Le Bureau de la concurrence a annoncé avoir conclu un consentement avec Facebook afin de clore une enquête sur la divulgation de renseignements personnels aux utilisateurs entre 2012-2018. Dans le cadre de ce règlement, Facebook s'est engagée à verser neuf millions de dollars, auxquels s'ajoutent 500 000 $ de frais, ce qui est une sanction importante au Canada. Le consentement intervenu avec le Bureau fait suite à une plus importante sanction de cinq milliards de dollars américains imposée à Facebook en 2019 par la Federal Trade Commission des États-Unis en lien avec des questions similaires.

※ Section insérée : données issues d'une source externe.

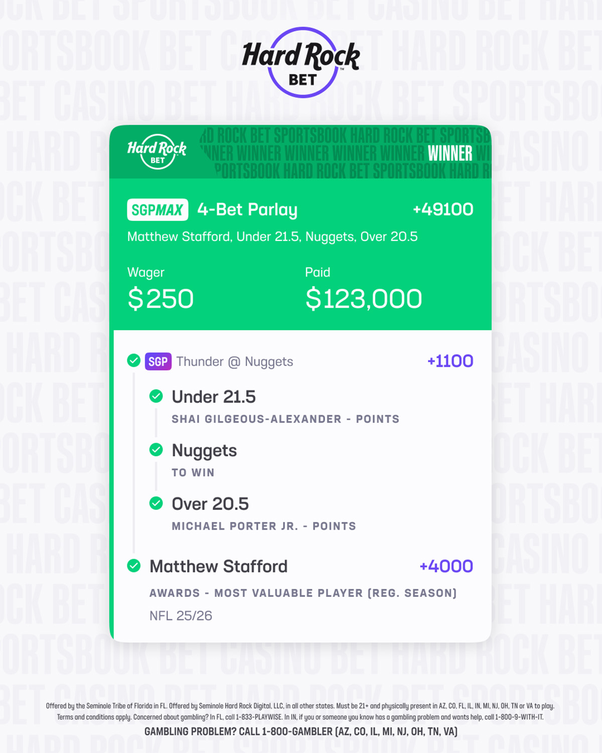 When awards season finally arrived the MVP conversation had narrowed to just two: Patriots QB Drake Maye and the 17-year veteran in LA, Matthew Stafford. When it was officially announced that Stafford had won his first MVP award, few were happier than our Miami-based bettor, who turned a $250 stake into a $123,000 payout.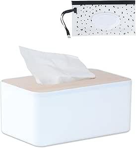 Boîte à mouchoirs et lingettes humides, boîte à mouchoirs, distributeur, rechargeable, en plastique, avec couvercle en bois, pour salle de bain, chambre à coucher, bureau, cuisine (blanc).

En vertu des dispositions civiles de la Loi sur la concurrence, le Bureau est autorisé à enquêter sur les indications faites au public en vue de promouvoir des intérêts commerciaux qui sont fausses ou trompeuses sur un point important. La loi dispose que pour déterminer si les indications sont fausses ou trompeuses, il faut tenir compte de l'impression générale qu'elles donnent aux consommateurs, ainsi que de leur sens littéral. En mars 2020, le Bureau a publié un document où il explique aux entreprises les points à considérer pour éviter de donner aux consommateurs une idée trompeuse de leurs services numériques.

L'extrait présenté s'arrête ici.